Okra Leaves—Agricultural Waste for the Removal of Cr(III) and Cr(VI) from Contaminated Water  [PDF]
Mazhar Iqbal Khaskheli, Saima Qayyum Memon, Zaheer Ahmed Chandio, Wahid Bux Jatoi, Mohammad Tariq Mahar, Faiz Mohammad Khokhar
American Journal of Analytical Chemistry (AJAC) , 2016, DOI: 10.4236/ajac.2016.74037
Abstract: The present study demonstrates the sorptive efficiency of okra leaves for the Cr(III) and Cr(VI) in aqueous system. The batch dynamic sorption method was carried out as the function of the pH of the solution, sorbent doze, initial bulk concentration, shaking speed and contact time. The experimental data were examined by Langmuir and Freundlich isotherms.

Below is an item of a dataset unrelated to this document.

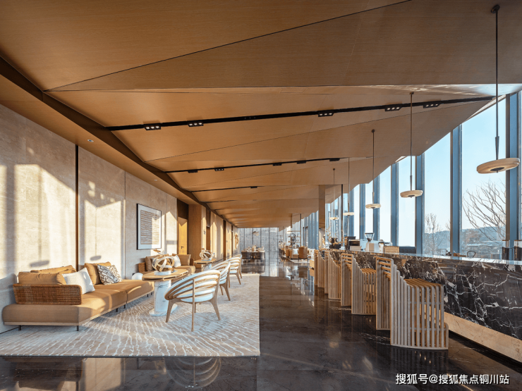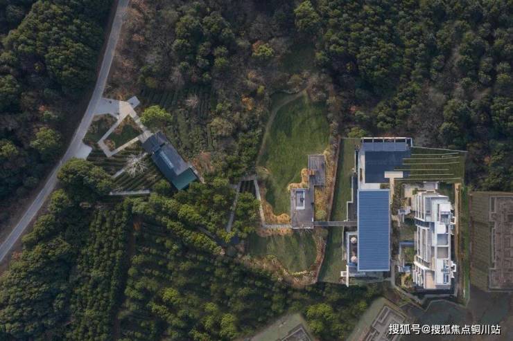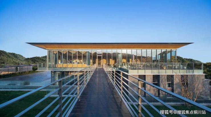 底层敦实的基座将建筑与山体融为一体,二层横向连续的玻璃幕墙面朝茶田徐徐展开,餐桌、吧台面对如此美景,假象一下:未来的社区,暮色四合,宵夜开席,岂不美哉?

Cr(III) at pH-4.0 and Cr(VI) pH-2.0 showed a maximum sorption capacities 221.17 mg/g and 81.94 mg/g respectively. Kinetically experimental data of both chromium species were well fitted to pseudo second order rate, Elovich, Morris-Weber and Richenberg equations. Positive values of enthalpy change and negative values of Gibbs free energy indicated the endothermic and spontaneous nature of sorption reaction respectively. The developed method was applied to real ground water samples (affected by industrial wastewater). Up to 92.15% of chromium metal was removed from the real water samples.